---
title: "What Is an AI Crawler? GPTBot, ClaudeBot & More"
description: "An AI crawler is a bot operated by an AI company to fetch web content for training or live retrieval — GPTBot, ClaudeBot, PerplexityBot, Google-Extended. Controlled via robots.txt."
canonical: https://aiovsseo.com/glossary/ai-crawler.html
date: 2026-06-07
---
# What is AI crawler?

Definition

An AI crawler is a bot run by an AI company to fetch web content for model training or live retrieval. Examples include GPTBot, ClaudeBot, PerplexityBot and Google-Extended. You control their access via robots.txt.

An **AI crawler** is an automated agent operated by an AI provider that fetches web pages either to train models or to retrieve content for live answers. They are distinct from classic search crawlers, though some companies run both.

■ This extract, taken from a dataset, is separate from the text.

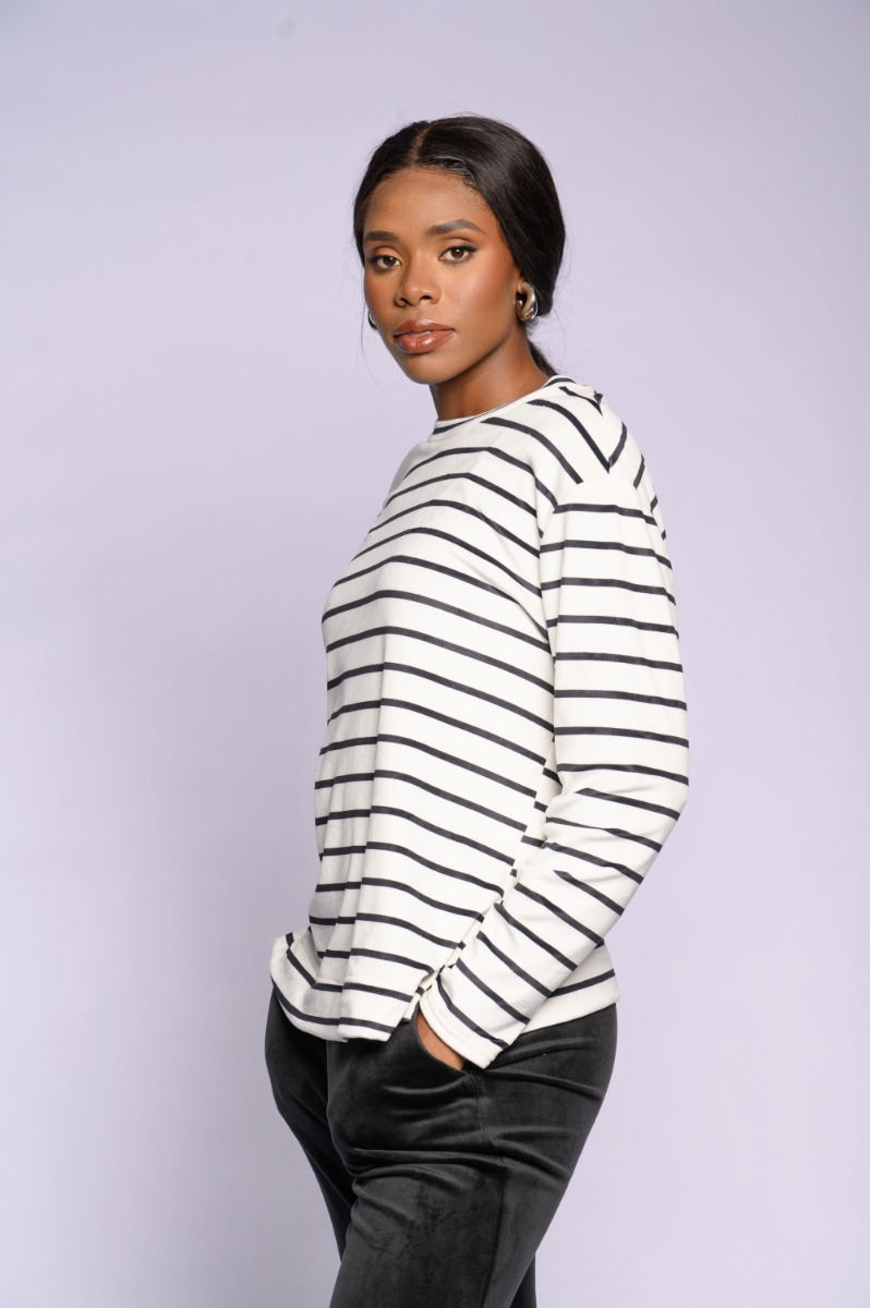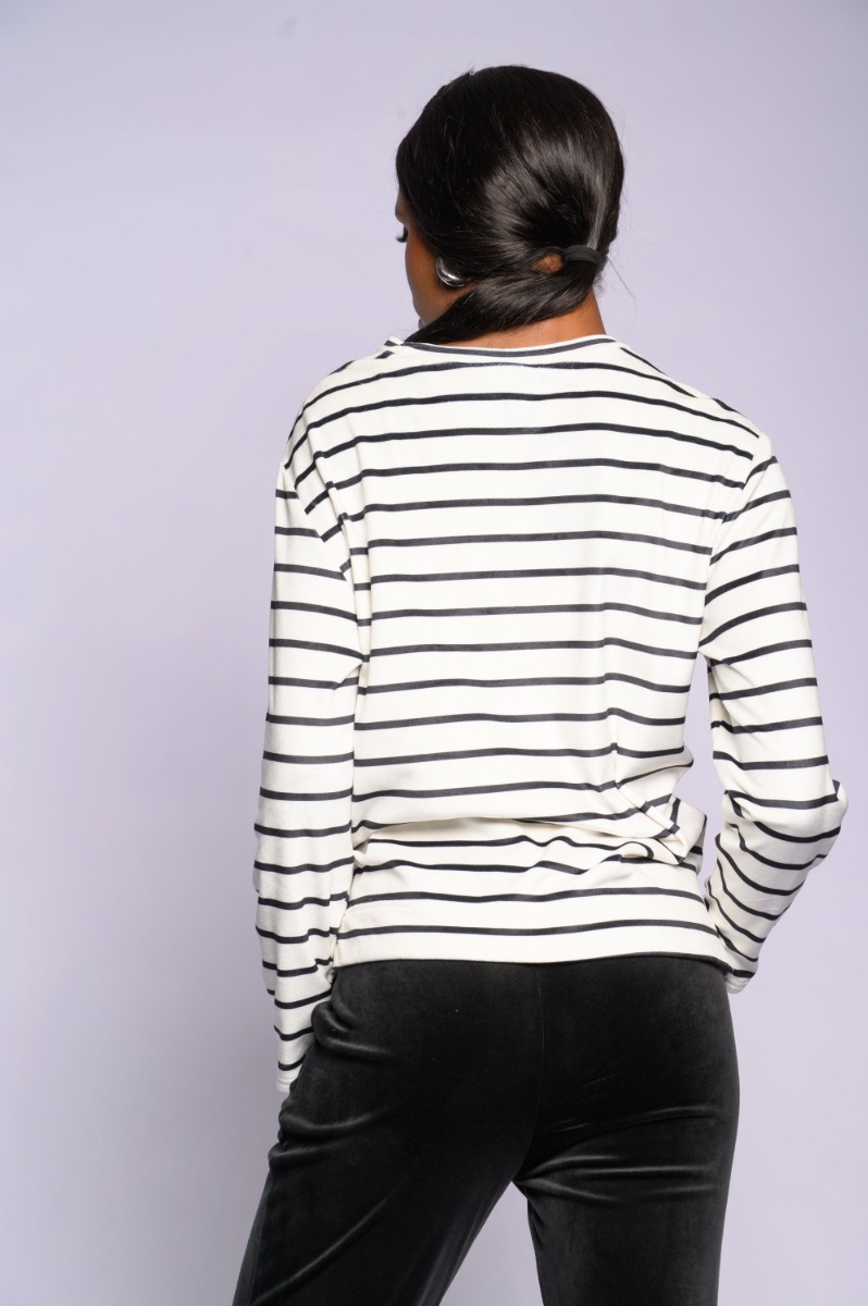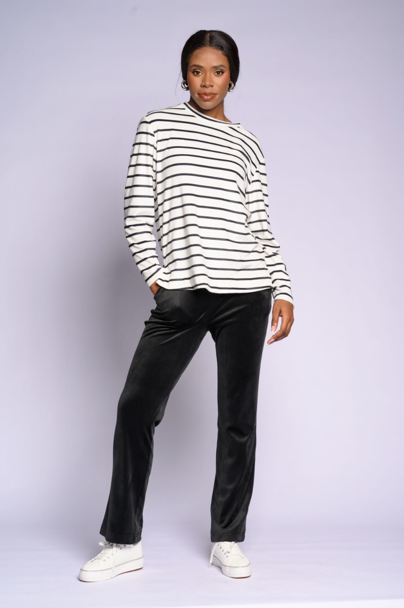 Black Stripe Velour Top

## Common AI crawlers (2026)

- **GPTBot** (OpenAI) — training; **OAI-SearchBot** / **ChatGPT-User** — search & browsing
- **ClaudeBot** (Anthropic) — training; **Claude-SearchBot** — retrieval
- **PerplexityBot** — retrieval
- **Google-Extended** — Gemini training (separate from Googlebot)

## Controlling access

Govern them with `robots.txt` rules and the [Content-Signal](/glossary/content-signal.html) directive to separate search indexing, live retrieval and training permissions.

## Frequently asked questions

**Should I block AI crawlers?**

It depends on your goal. Blocking training crawlers (e.g. GPTBot, Google-Extended) while allowing retrieval crawlers keeps you citable in AI answers without feeding training. Blocking everything risks losing AI visibility entirely.

**Is Google-Extended the same as Googlebot?**

No. Googlebot handles search indexing; Google-Extended is a separate control for whether your content trains Gemini. You can allow one and disallow the other.